Thank goodness we got all our rescues spayed and neutered. The amount of male (and female) obnoxious behavior, spraying, marking was difficult to handle, in addition to (unplanned or oops) pregnancies by having more than 2-10 pets in our home; fosters, rescues, and several adopted from the shelter that were slated to be euth'd because of various reasons. 

At the shelter we saw Oops pregnancies as a reason to surrender. Basically humans are unaware of how quickly rabbits mature. 

And one can search overpopulation situations where a few rabbits abandoned turn into 50 to 100 rabbits. Rabbits DO have individual personalities. Typically you might get a kisser/groomer early on, but their behavior can change after a surgical procedure. Hormones drive them to be lovey; then the switch is altered. Later on, the affection may return based on their care. Our elders, and those who previously had or did not have a bondmate throughout their life, have become more mellow and groom or lick us a lot. Some buns choose certain people (ie. the 2-legged male or female in their home) to groom. Yes, they can play favorites. 

One of our abandoned/captured rescues snuggled up to hubby, but didn't like my female scent. After (and before) her spay, she readily jumped into hubby's lap when he sat in an easy chair, and parked there for leisure carresses. She dug and nipped my abdomen; as she matured she became way more mellow and accepted me. Perhaps a female human in her past did not treat her well.

One of our 4 y.o. females will ONLY kiss and wash hubby's face. // A rescue Tan breed bun from a high-vol shelter in IL fought vehemently when I first handled him or picked him up. I needed to pick him ujp to take him to the DVM for wellness exam and his neuter. Who knew the conditions he lived in prior? As he matured, he became part of a loosely-bonded trio with a spayed Fe, neutered M Potter. Barkee especially loved being near Potter. As Barkee matured, he became a regular kisser; just needed time to mellow or trust. 

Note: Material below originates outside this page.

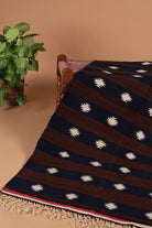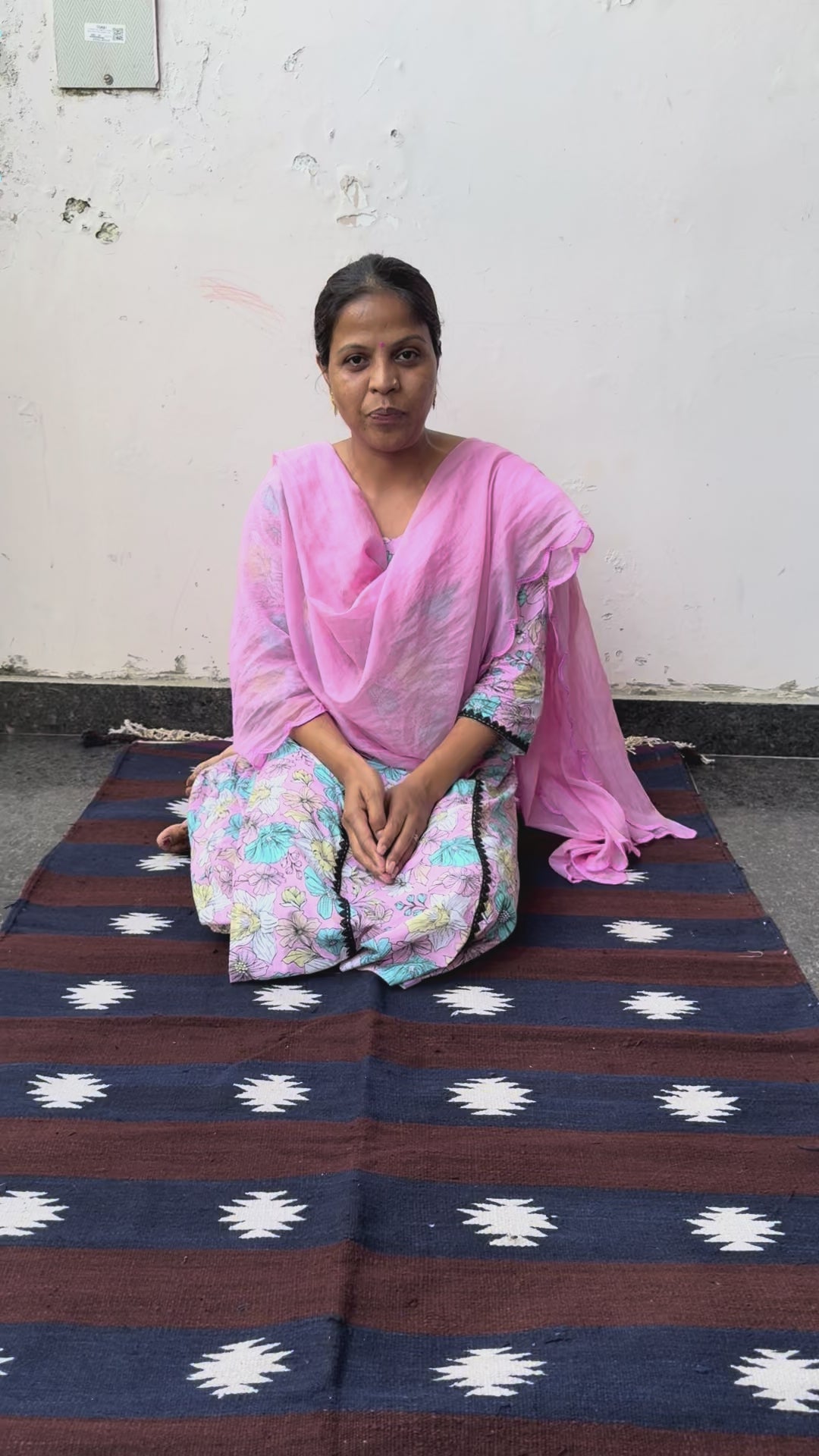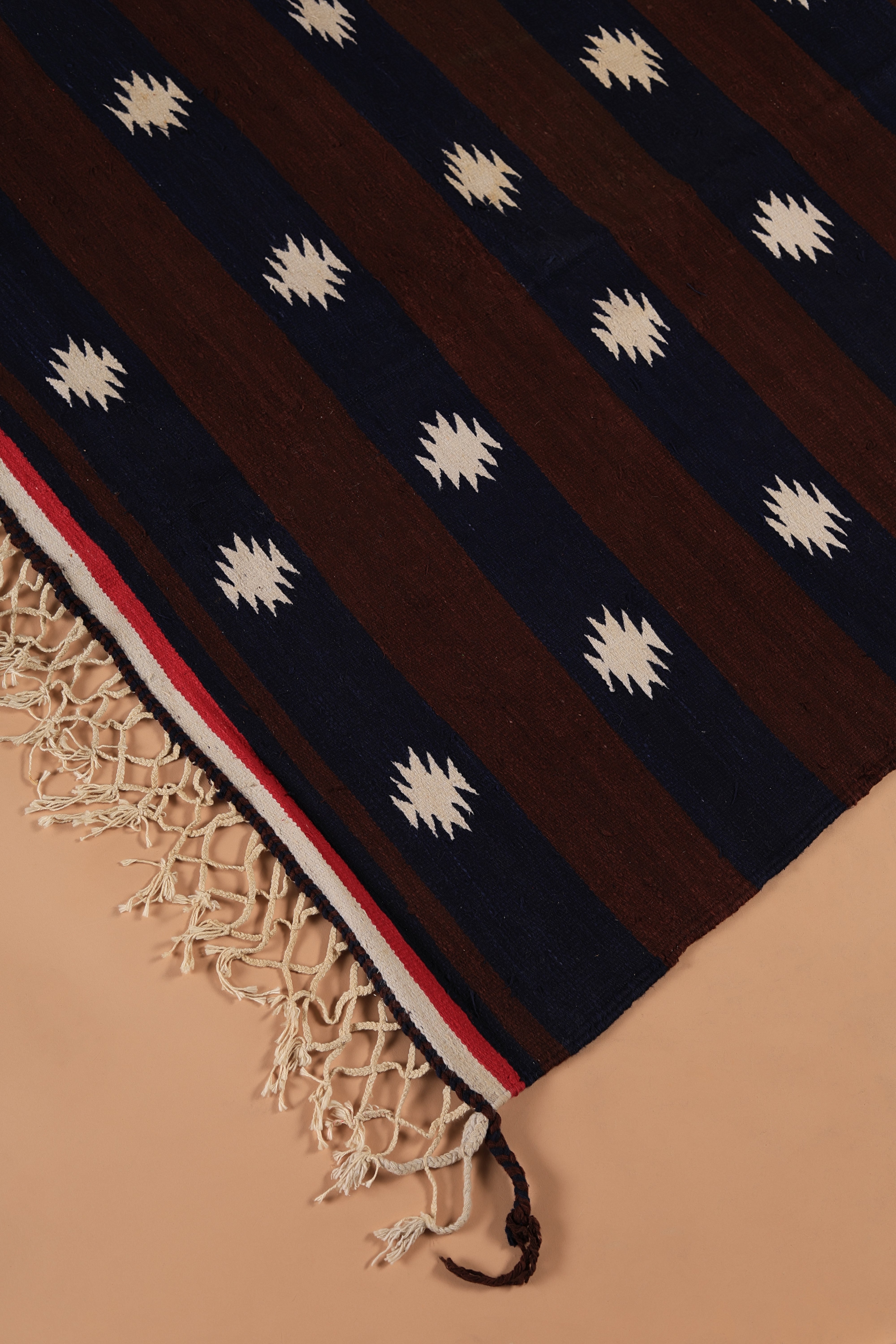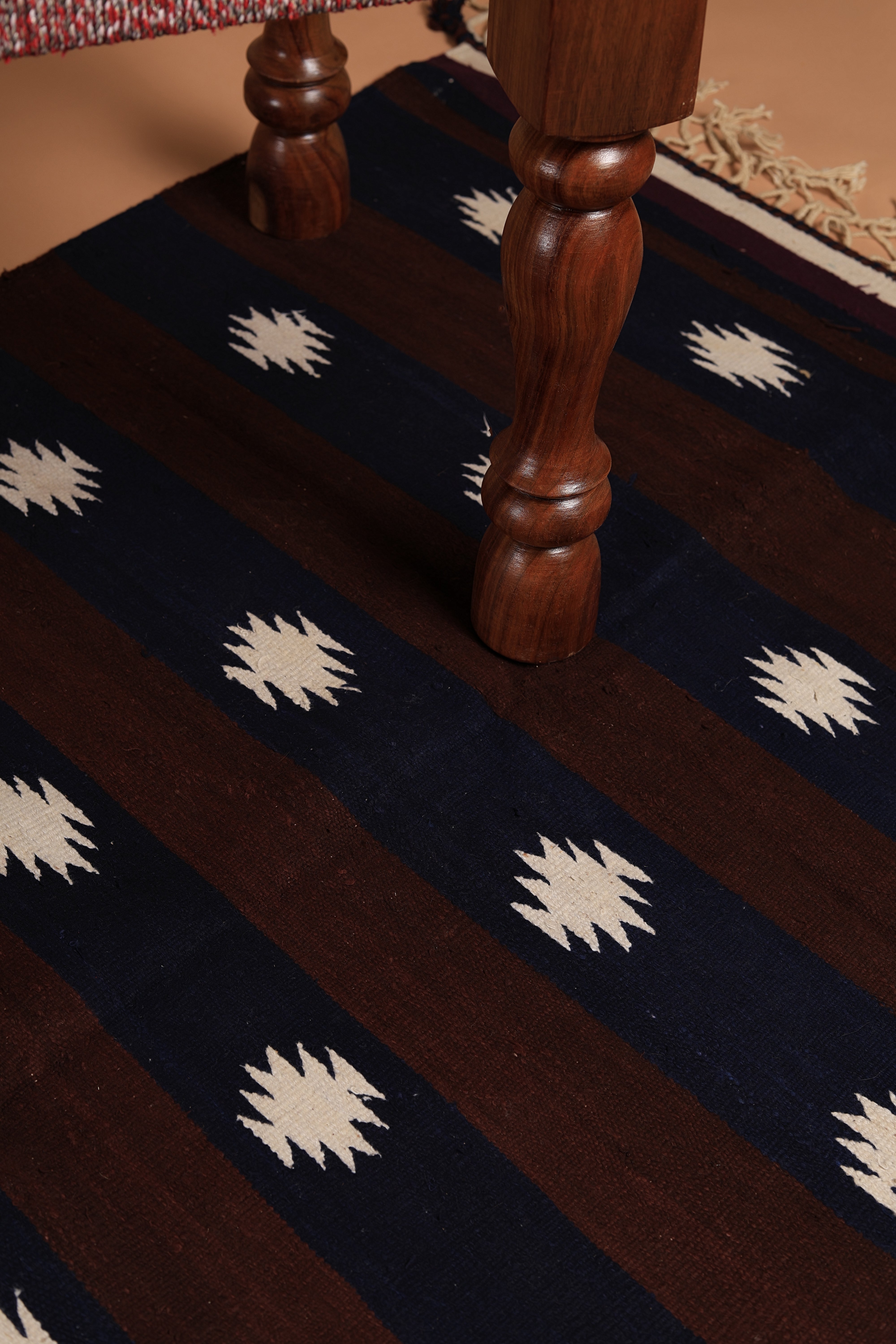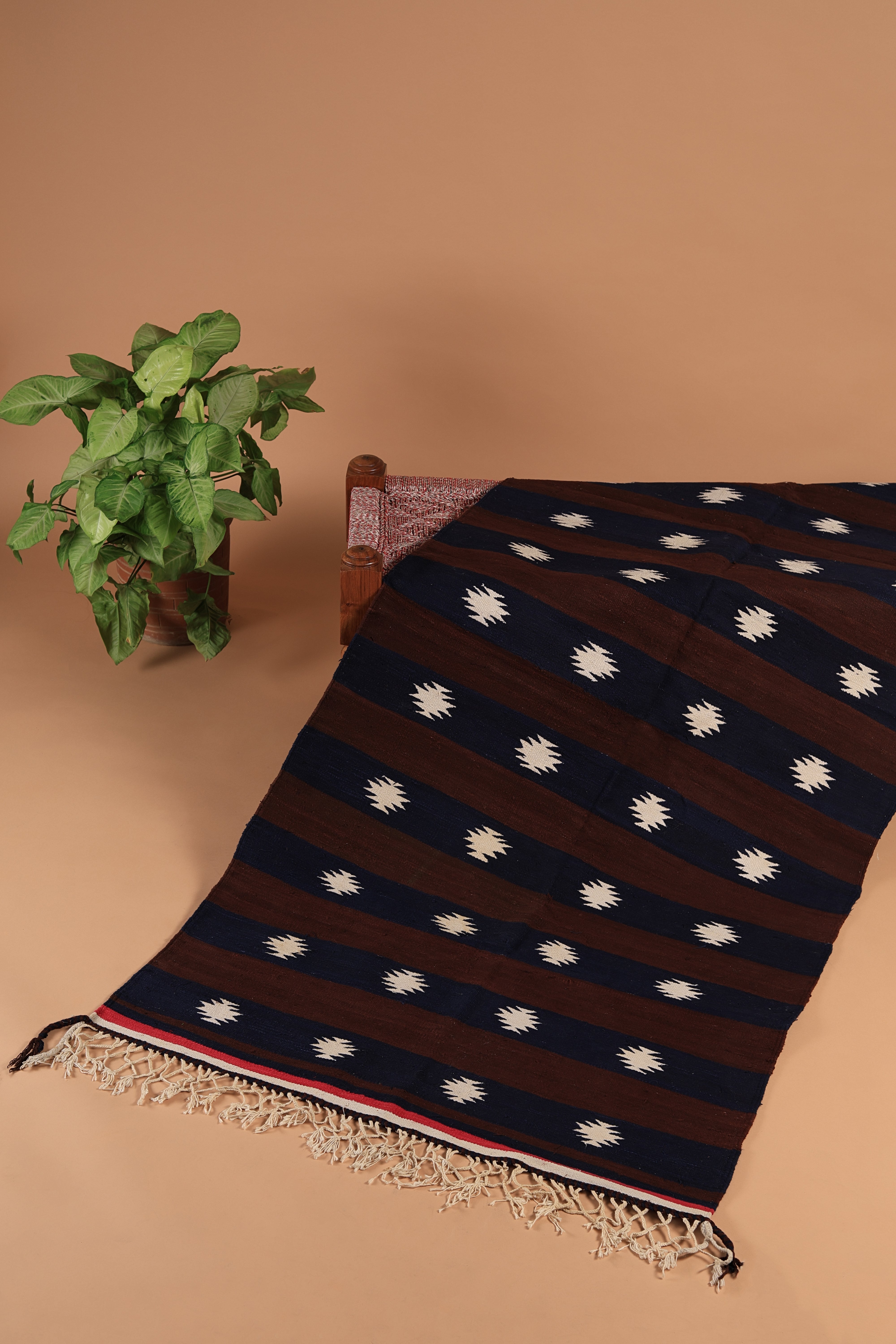 Handwoven in a classic dhurrie flatweave, this vintage rug pairs onyx and chestnut bands with ivory serrated buti motifs, showcasing skilled threadwork and tactile rhythm. Handmade by the late Nani of the artist for her wedding, it carries warmth, memory, and tradition. Perfect as a runner, under a coffee table, or layered over a neutral jute.

Find a vet who's competent along with the staff. Make sure they speak bunny language and have done hundreds and hundreds of successful surgeries. 

Individual personalities is true.


----------



## TreasuredFriend (Jun 5, 2019)

We took in a five-year-old female from a family that didn't want her any longer. They had 5 small dogs and the dogs got priority over the rex rabbit. When our savvy DVM did her spay, she showed me a surgical snapshot. We had fortunately caught the reddened, abnormal, pre-cancerous growth signs that were developing. A few days ago a rescue-focused person posted pics of a captured, abandoned gal that went immediately to a vet to treat the large lumps protruding from her abdomen (seen upon capture). The uterine cancer picture and abscesses are locked in my mind,


----------



## Stepho (Feb 6, 2020)

Jocelbug said:


> Nervous about getting my new baby, Skeletor, neutered. My first rabbit, Ibis, completely and totally lost his entire personality after i had him neutered. he went from being an opinionated and inquisitive playful pal to being a complete vapid zombie. he literally lost the expression in his eyes too. i felt like the biggest jerk on the planet, so much so, that i didnt spay Ibis' mate, Murphy, at all. 10 years later with my new pair, im terrified of what will happen to my little guy....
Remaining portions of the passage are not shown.